After graduating in 1969 Peter worked briefly as a stage manager in several Soho strip clubs before he joined the international cast of Victor Spinetti's Amsterdam production of Hair, in 1970, and subsequently played the role of Berger in the show's national tour of The Netherlands.

Returning to the UK there followed a string of London's West End rock musicals, with roles in Hair at the Shaftesbury Theatre; as Pharaoh in the original productions of Joseph and the Amazing Technicolor Dreamcoat at the Albery Theatre, as Pontius Pilate in Jesus Christ Superstar at the Palace Theatre; as Frank-N-Furter in The Rocky Horror Show at the King's Road Theatre; as Peter in the revue What’s a Nice Country like US doing in a State like This? at the May Fair Theatre; and reprising his role of Frank-N-Furter at the Comedy Theatre.

Peter Blake has also performed at the Chichester Festival Theatre, work included Julius Caesar, Murder in the Cathedral and In Order of Appearance; out of London theatre work included Nestor in Irma La Douce at the Sheffield Crucible; Count Dracula in Charles McKeown's play Dracula at the Thorndike Theatre, Leatherhead; Marat in The Promise at the Churchill Theatre, Bromley; and on tour in Jack Rosenthal's Smash!; Alan Ayckbourn's Absent Friends, Ray Cooney's Funny Money, and The Rocky Horror Show returning to his old role of 'Frank-N-Furter' in 1992 and 1994; he also starred in several pantomimes, including as Captain Hook in Peter Pan, as King Rat in Dick Whittington and as Abanazer in Aladdin.

Television and film
Peter Blake's best-known role was the flamboyant and boastful Kirk St Moritz, resplendent in white suit, big collars and golden medallion, in the British sitcom Dear John (1986–87). He appeared in other British television series including as Tony Miller, a member of CI5 in the hard-hitting police drama The Professionals (1978). As Michael Vincent in Penmarric (1979), Andy Evol in Agony (1979-1981), Dr Courant in Praying Mantis (1982), Carl Pierce in A Very Peculiar Practice (1986), Aubrey Owen in Dogfood Dan & the Carmarthen Cowboy (1988), David in Split Ends (1989), as Harvey in Fiddlers Three (1991) and as Ken Tate in EastEnders (2010).

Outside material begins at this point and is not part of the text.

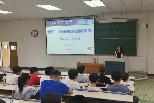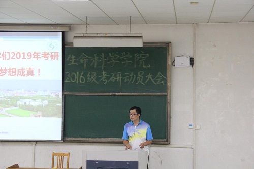 7月5日下午,生命科学公司在4号教学楼101室举行2016级考研动员大会,公司副经理庞秋香(主持工作)、副经理巴连良、教学科研工作办公室正科级秘书邓洪宽出席大会,2016级全体同学共同参加。会议由辅导员蒋育忻主持。

Blake guested on shows such as The Squirrels, Out, Z-Cars, Minder, Shoestring, Shine on Harvey Moon, Bergerac, After Henry, Alas Smith and Jones, Ever Decreasing Circles, Boon, The New Statesman, Woof!, Underbelly, The High Life, The Bill, and Casualty, among others.

His film appearances include Intimate Games (1976), Panic (1978), Murder on Line One (1989), Cash in Hand (1998), The Lift (2008) and Man and Dog (2010).

 Discography 
In 1977, Peter Blake reached number 40 in the UK Singles Chart with the song Lipsmackin' Rock 'n' Rollin, performing it on the BBC Television music show Top of the Pops on 29 September 1977; and subsequently released a single called Boogie Breakout'' in 1979.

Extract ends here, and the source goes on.